What about offline, on-device speech capabilities in Chromium? A search in issue tracker reveals issue 816095 as feature request closed with WontFix in May 2018.

That is a bit sad, given all the recent progress in embedded ML and putting deploying advanced models like WaveNet to production by multiple companies. There now even is an OSS implementation for both synthesis and recognition using WaveNet model, so there does not seem to be a strong technical reason for not including this into the browser.

But of course if a company develops an operating system, a browser and wants to grow it’s cloud business, there most probably will be a strong non-technical incentive not to include such models in open source projects.

It may require a non-trivial R&D effort to do so, and if one gets such a model running especially on mobile devices— it may be a good opportunity to start a company.

Funny enough, to do so, according to the article above, one might need some insights:

The startup counts Ian Hodson — the former head of Google’s text-to-speech program … The market for text-to-speech applications is expected to grow to $3 billion by 2022, according to Research and Markets, and sales of digital assistants could hit $4 billion by the same year.

So, it’s time to look for open source alternatives.

Mozilla Firefox

In Firefox WebSpeech API is hidden behind a feature flag media.webspeech.recognition.enable in about:config.

A plain text search on Github mirror for speech recognition reveals SpeechRecognition.cpp in Firefox that seems to be using external project — PocketSphinx 🎉

Sound promising but let’s dig deeper using better code navigation for Firefox codebase.

Mozilla organization does not use Kythe, but did amazing engineering and built it’s own search & navigation engine for source code — DXR.
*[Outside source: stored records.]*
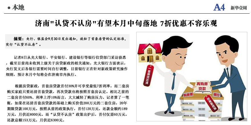 济南"认贷不认房"有望本月中旬落地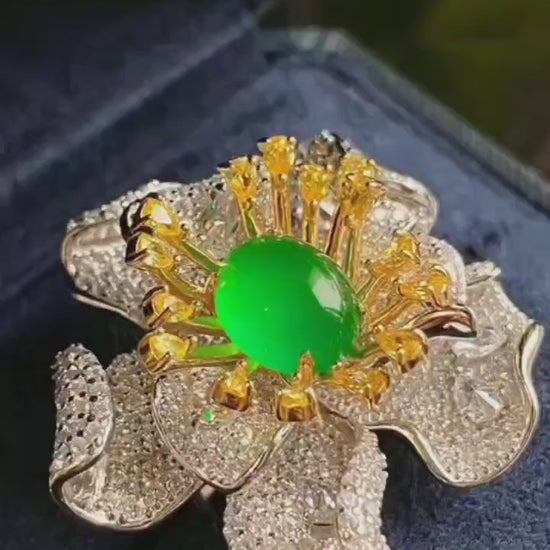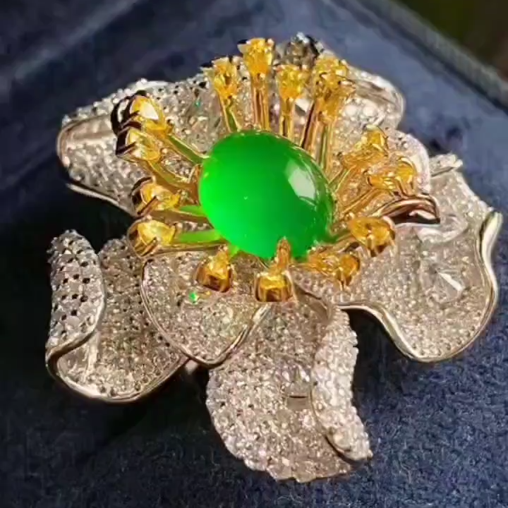 这款艺术戒指以精湛的手工技艺打造而成,以栩栩如生的层叠花瓣,呈现出令人惊艳的花卉设计。戒指通体采用925纯银镀18K黄金和白金,每一处细节都由工匠精心镶嵌闪耀钻石,尽显精湛工艺和艺术造诣。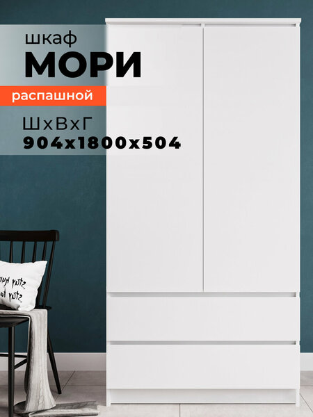 Шкаф для одежды Мори МШ 900.1 – стильное и функциональное решение для хранения одежды и других предметов. Произведенный в России, этот шкаф отличается высоким качеством и продуманным дизайном. Минималистичный дизайн и белый цвет делают этот шкаф подходящим для любого интерьера, будь то спальня, детская, прихожая, гостиная или офис. Шкаф распашной состоит из двух секций: левая сторона оборудована съемными полками на полкодержателях, а правая - хромированной штангой для вешалок. В нижней части расположены два выдвижных ящика на роликовых направляющих, которые отлично подходят для хранения постельного белья. Особенностью шкафа является система открытия фасадов "Touch-to-open", которая позволяет открывать ящики и двери без использования ручек. Это делает использование шкафа еще более удобным и практичным. Размеры шкафа в гостиную составляют 180 см в высоту, 90 см в ширину и 51 см в глубину. Корпус и фасад выполнены из качественного ЛДСП, а фурнитура - из металла. Выбирая шкаф напольный Мори МШ 900.1, вы получаете стильное, функциональное и практичное решение для хранения одежды и других предметов.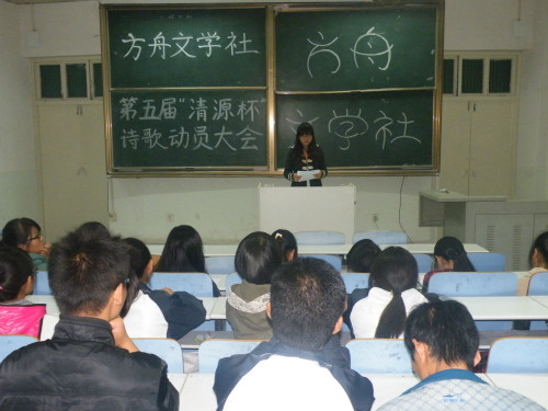 (本网讯 张晓漫)“青春书写华章,笔墨挥洒梦想,10月22日晚,方舟文学社在人文楼410教室举行第五届“清源杯”诗歌动员大会,社员齐聚一堂。方舟文学社的社长毛晓梅主持了本次大会。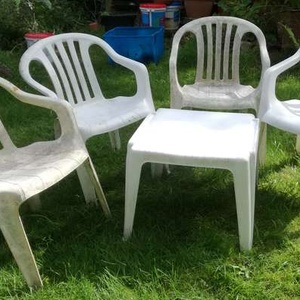 4 plastic chairs and a plastic table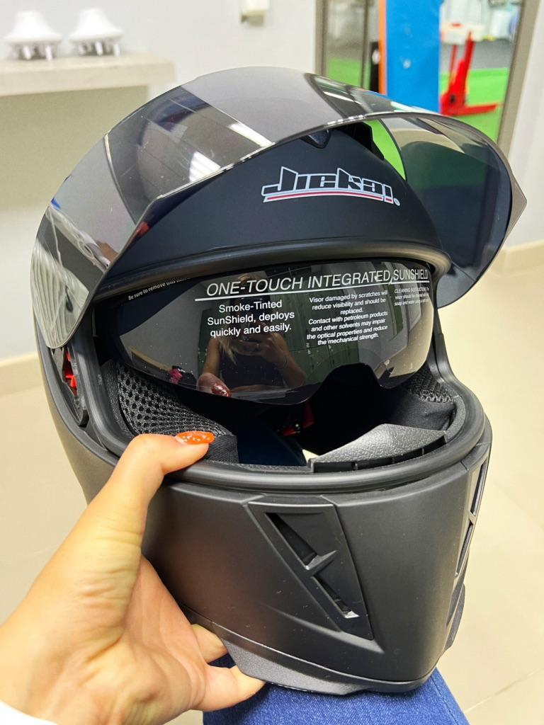 МОТОШЛЕМ🏍⠀ ⠀ 🚚 заказ отправлен 18.06, получила на почте 20.07⠀ ⠀ 🏍 очень хорошо упакован, но есть царапина, не фото видно, в принципе не критично⠀ ⠀ 🏍 присутствовал запах, в первый день выветрился⠀ ⠀ 🏍 за свои деньги сделан качественно, ничего не сломано и не торчит⠀ ⠀ 🏍 удивлением было наличие солнцезащитных очков⠀ ⠀ 🏍 забрало мощно затонировано, но в принципе вечером ездить нормально⠀ ⠀ 🏍 вентиляция работает хорошо, открывается снизу и сверху⠀ ⠀ 🏍 заказала размер М⠀(54-55 см), у меня свой такой же, но этот оказался слегка большеват, с балаклавой ещё более менее⠀ ⠀ ⠀ Ну он такой стильный😍 невозможно не влюбиться! Ничего лишнего, чёрная ⠀ классика💣🖤 цена - подарок 🎁 ⠀ ⠀ ⠀ Спасибо, Джум!⠀ ⠀ Встретимся в следующем обзоре!⠀ ⠀ Ваша Эвелинка-Мандаринка🍊

On a hosted instance nsISpeechRecognitionService.hcan be found with @mozilla.org/webspeech/service;1?name= but nothing else really shows up 😕

Existing documentation developer documentation seems to confirm the guess but is a bit outdated — PocketSphinxSpeechRecognitionService there is no such class anywhere in the codebase.

And indeed, it was introduced in 2014 and in Sep 2017 all code that depends on PoketSphinx has been removed under bug 1396158.

So it seems like by the of 2018 in Firefox:

So most probably a hackweek demo by the end of the week for a project with WebSpeech API will not be using Firefox in 2018.

Conclusions

  • Only Chromium and Firefox-based browsers have WebSpeech API exposed
  • Chromium: as of the end of 2018, it seems to be the only implementation of speech recognition API that actually works. It’s online, so it sends all recorded audio data to a service https://www.google.com/speech-api/full-duplex/v1
  • Chromium: there are no public plans for on-device offline speech recognition. (Feature request was closed with WontFix)
  • Chromium: by default, online speech recognition service filters for “bad words” and returns `***`
  • Firefox: as of the end of 2018 an old offline pocketsphinx-based implementation of recognition was removed, and there is no implementation of this API yet.
  • Firefox: there is a WIP patch with an implementation of online speech recognition through a service https://speaktome-2.services.mozilla.com
  • Firefox: there is an unconfirmed plan to add an offline recognition though DeepSpeech project

Disclaimer: this is just a series of educated guesses.
All options are personal and the author is not a browser developer.